Is There Life after Death? Fifty Years of Research at UVA
February 22, 2017
Jim B. Tucker
Bruce Greyson
Edward F. Kelly
J. Kim Penberthy
http://www.uvadops.org
Does some aspect of our personality survive bodily death? Long a philosophical and theological question, in the 20th century this became the subject of scientific research. Fifty years ago, in 1967, Ian Stevenson, then chair of UVA’s Department of Psychiatry, created a research unit—now named the Division of Perceptual Studies—to study what, if anything, of the human personality survives after death. Dr. Stevenson’s own research investigated hundreds of accounts of young children who claimed to recall past lives.
In this Medical Center Hour, faculty from the Division of Perceptual Studies highlight the unit’s work since its founding, including studies of purported past lives, near-death experiences, and mind-brain interactions in phenomena such as deep meditation, veridical out-of-body experiences, deathbed visions, apparent communication from deceased persons, altered states of consciousness, and terminal lucidity in persons with irreversible brain damage. As the division enters its second half-century, what are its research priorities and partnerships?
History of the Health Sciences Lecture
Co-presented with Historical Collections, Claude Moore Health Sciences Library and the Department of Psychiatry and Neurobehavioral Sciences, UVA
8 Responses to “Is There Life after Death? Fifty Years of Research at UVA”

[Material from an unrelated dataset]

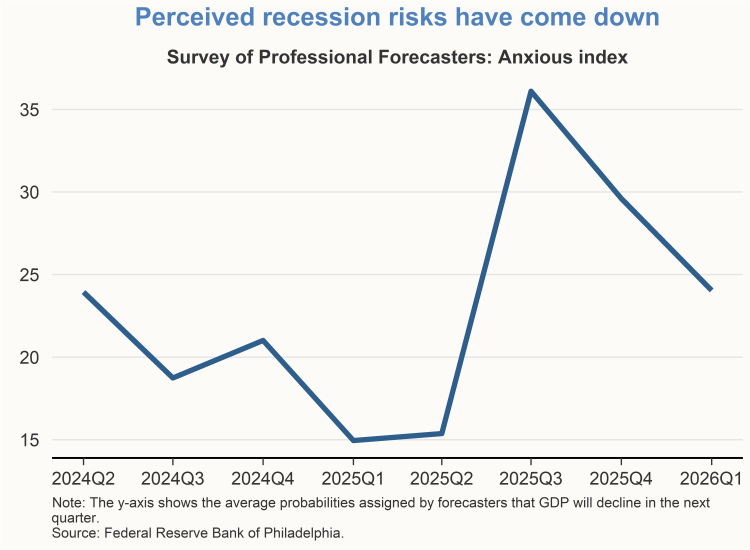 Confidence in the economic growth outlook appears to be spreading. Respondents to the Federal Reserve Bank of Philadelphia’s Survey of Professional Forecasters were notably concerned in June 2025 about rising recession risks. In that month, the survey, also known as the Anxious Index, recorded an average probability of a real GDP decline over the coming quarter of 36%, up from just 15% in March 2025. But as of December 2025, the index had declined to 24%.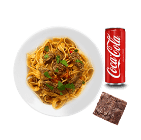 Un plat de pâtes au choix + 1 Dessert au choix + 1 Boisson 33cl au choix.

i studied parapsychology as a Masters degree level many years ago –
There are several problems with Stevenson’s method. He often worked with translators in countries about which he knew very little. Questioning anybody is tricky, but questioning children is especially tricky. “Interviewer bias is the central driving force in the creation of suggestive interviews” (Bruck, Ceci, and Helmsbrooke 1998; quoted in Mills and Lyon: 303). Questioning children and adults via a translator introduces another element of uncertainty regarding the bias of the questioning technique. Most of the interviews took place in countries where reincarnation is an accepted belief. So, the translator would be “typically imbued with the cultural expectations that past-life recall is a valid phenomenon” (Mills and Lynn: 303). Stevenson, being non-fluent in the language and the culture, was in no position to assess the reliability of the questioning by the translator.
There is also the obvious problem of confirmation bias. The ideal, according to Stevenson, was to seek out PLE stories and then try to confirm them. Failure to confirm, however, did not count against the reincarnation hypothesis. In fact, nothing could be discovered using Stevenson’s methods that could ever disconfirm the reincarnation hypothesis. Many scientists would consider this a fatal flaw in his methodology
Also it seems very suspicious that the families (past) invariably turned out to be wealthy, while the families who claimed associations, were all from among the lower (poor) classes.
When I was 4 years old I used to say that when i was older I used to be a teacher. I demanded respect ..I used to look at my little hands and wonder how the heck I had found myself in this small body and ask my parents about it. I come from a religious (Christian) environment and there was no information about reincarnation in the Greek community 40 years ago…it wasn’t in our culture and there were only 2 tv channels…
When I grew older I visited an astrologer who told me than in a previous like I had been a teacher of higher knowledge…in this life I’ve become an English teacher and a piano teacher…weird…isn’t it? for this reason I totally believe in reincarnation…I even had a death experience into a swimming pool at the age of 5 and I can reassure you that death doesn’t hurt…it is the absolute peace and calmness…I can still recall myself sinking and it was like I didn’t need to breath at all…I was just watching the swimming pool wall going up as I was going down…then I don’t remember anything else..I found myself out of the pool spitting water…
I am glad science is opening the door to the phsycic realm…
Ha ha ha.. all easy to explain naturally.. gullibility is widely spread.. near death is not death!! Useless term! Any questions? 🙂
Hindus have believed in reincarnation for thousands of years.
I am surprised that I do not see any Indians in your research team.
Thank you for “scientifically” proving what Hindus have known for thousands of years.
I do not believe in soul. But how cat people see their body and the surrounding with exact details? It is not delusion so. I am just confused.
I wonder how people like Dawkins, who reject every theory outside the pure material , would counter this study.Coincidence isn’t a argument anymore.
The qigong masters can manifest these abilities at will – like qigong master Chunyi Lin of http://springforestqigong.com He took part in a medical healing “external qi” study done by Dr. Ann Vincent – randomized controlled “gold standard” that healed people of chronic pain when Western medicine had not been able to heal them for 5 years. She called the results “especially impressive” and they are peer-reviewed published.